Life Planning Tips Item #8 — The Informed Gut
I opened a fortune cookie the other day and learned that: “The greatest thoughts come from the heart.” That’s so. That’s very true!
I am a methodical person. Sometimes I think too much. I will go over something again and again in my head before committing myself to action. I am cautious by nature. I like to avoid false steps.
I am also rash. There was a poster on a discussion board who said that I had an unfair advantage over those who took positions contrary to mine because I am able to type so fast. I thought that was very funny. I type with two fingers. I type loud. I bang the keys, especially when the topic being discussed is one that hits me in a deep spot. But I very much hope that there are a good number of posters out there able to type quicker than me.
The reason I am able to turn out responses quickly is not that I type fast. It is that, when I am talking about a subject I care about, I have usually thought about it a lot before posting and can generate a response lickety-split. I often don’t feel a need to engage in lots of new thinking when preparing the posts I put to discussion boards. I let them fly.
So which is it? Am I a Nervous Nelly or a Dangerous Dan? I’m both! I like to think things through before entering a dark cave. But once I enter, I rush through. I figure there’s no sense hanging around in the darkness worrying about what is going to happen more than necessary. My motto is: “Think Before You Leap, But Once You Leap, Leap For Good.” Think first. Then go with your gut.
The thoughts that I generate by means of this Informed Gut Approach to decision-making are at least a decent percentage of the time good ones, in my assessment. When I rely on thinking alone, or on gut alone, I don’t feel as comfortable with the decisions I make. The best thoughts really do come from the heart. That’s a neat way of putting it. Good fortune cookie!
Life Planning Tips Item #9 — Patience
Human beings rarely live entirely in the moment. We live in part in the past (with regrets or good memories) and in part in the future (with anticipation or dread). Patience is a means of highlighting the good side of living partly in the future by experiencing a part of the joy to be had from future life in the here and now, thereby diminishing the desire to rush forward to actual experience of the future moment.
The best way to cultivate patience is to learn to enjoy anticipating something almost as much as having it. A non-patient person might see something dismal in the fact that his next vacation is twelve months off in the future.
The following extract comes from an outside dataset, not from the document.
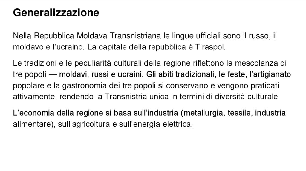 GeneralizzazioneNella Repubblica Moldava Transnistriana le lingue ufficiali sono il russo, il

A patient person would see the wait as an opportunity to plan an itinerary, to look through brochures, to think about what activities to pursue on the vacation, and so on.
Patience allows us to enjoy the same experience more than once. It permits us to enjoy it both in the time leading up to the experience of it and during the experience of it. Patience enhances life experiences so long as it does not reach the point where it becomes stagnation, where the person is holding off the future out of fear rather than just avoiding a rush forward into it.
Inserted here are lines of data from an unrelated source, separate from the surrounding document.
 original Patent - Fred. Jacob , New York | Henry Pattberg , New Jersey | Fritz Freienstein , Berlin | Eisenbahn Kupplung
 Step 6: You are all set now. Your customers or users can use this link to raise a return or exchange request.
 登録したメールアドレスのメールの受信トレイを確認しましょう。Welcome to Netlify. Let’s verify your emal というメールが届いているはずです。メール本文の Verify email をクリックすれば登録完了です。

A consumer society discourages the cultivation of patience because the sellers of goods and services do not obtain additional profits when we enjoy experiences over a longer time-period than is the norm. It is up to us as individuals to see the benefits of patience and to cultivate it within ourselves. To do so, we need to take ourselves away from the distracting noises of the Consumer Wonderland. We need to have quiet time for reflection and contemplation in which we become aware of the benefits that patience has to offer us.